Jason Tharp
Empowering through H.O.P.E.: Jason Tharp, speaker & creator of the Beyond HOPE Project, inspires leaders to break impossibles and unlock their potential.
02/27/2026
I’ve been struggling lately. Not physically. Not mentally. Just struggling to find gratitude.
And I need you to hear this part. That feels honest. Because sometimes life drops you into a story you did not write. You feel like a passenger on a ride you did not buy a ticket for. And you’re just trying to act normal while your inner world is quietly screaming.

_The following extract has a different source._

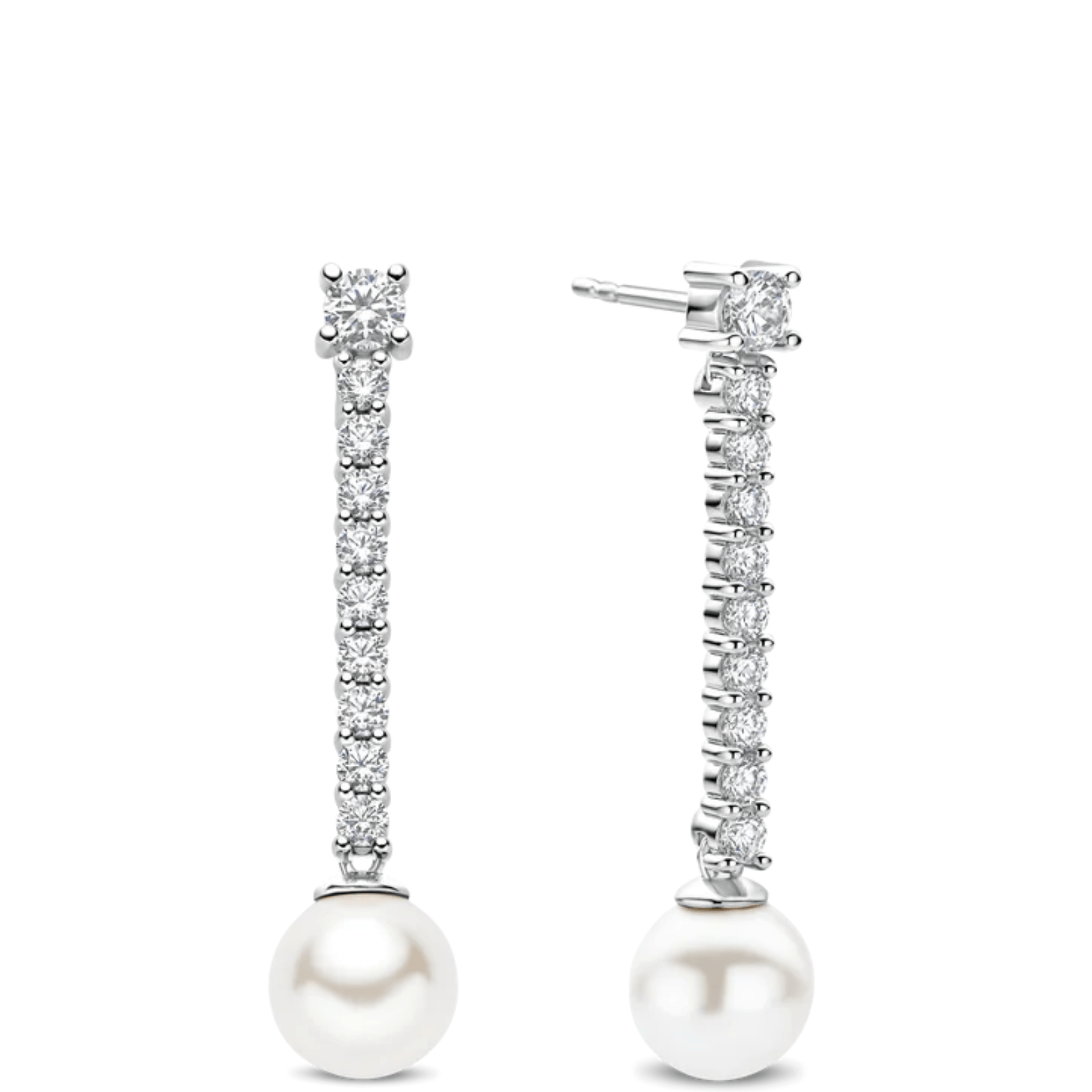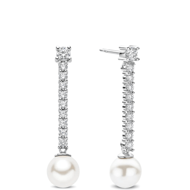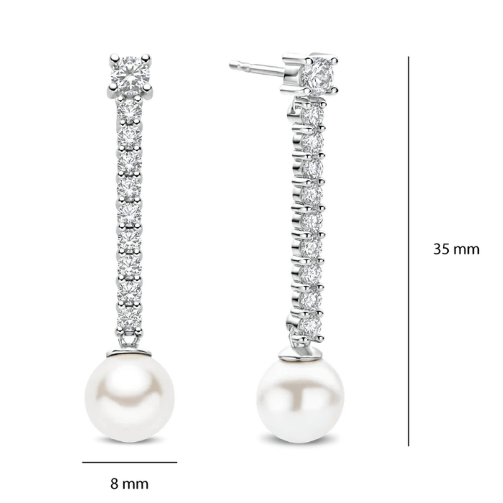 These long zirconia pearl earrings are crafted from high-quality 925 sterling silver and designed as elegant stud earrings. A slender row of sparkling zirconia stones runs vertically downward, finished at the base with a luminous pearl. The combination of fine zirconia and the soft lustre of the pearl creates a refined play of light and a beautifully balanced design.

Lately I’ve caught myself staring at my flaws. Flaws I’m usually the only one who notices. Then I let them turn into reasons. Reasons I’m stuck. Reasons I’m behind. Reasons I’m not enough.
For me, it’s been the weight gain from being on steroids for so long. I thought I had made peace with my body. I thought I had handled it. Then it swung back around like it always does, covering my eyes and whispering, “Guess who.”
This weekend is a big milestone for my family. We’re taking the first trip of what we used to call a bucket list adventure. My kids don’t love that phrase, so we renamed it. A memory list. And that small change did something to me.
Because names matter. Words matter. “Bucket list” can pull you toward fear. “Memory list” leaves the door open. It makes room for the present moment. It makes room for joy without guilt. It makes room for new memories, not just the pressure of time.
This week I had a reminder of that too. I did a speaking engagement connected to Pelotonia, and the new tower at The James at Ohio State just opened. When I started radiation, that was the day they broke ground. For a long time, that building was my lighthouse. A quiet question I carried every day. Will I live long enough to see it open?
And then it did.
So here’s what I’m learning again, in real time. We can grieve the hard stuff we did not sign up for and still let the good stuff come through. We can admit we’re struggling and still keep moving. We can notice the cloud without building a home inside the storm.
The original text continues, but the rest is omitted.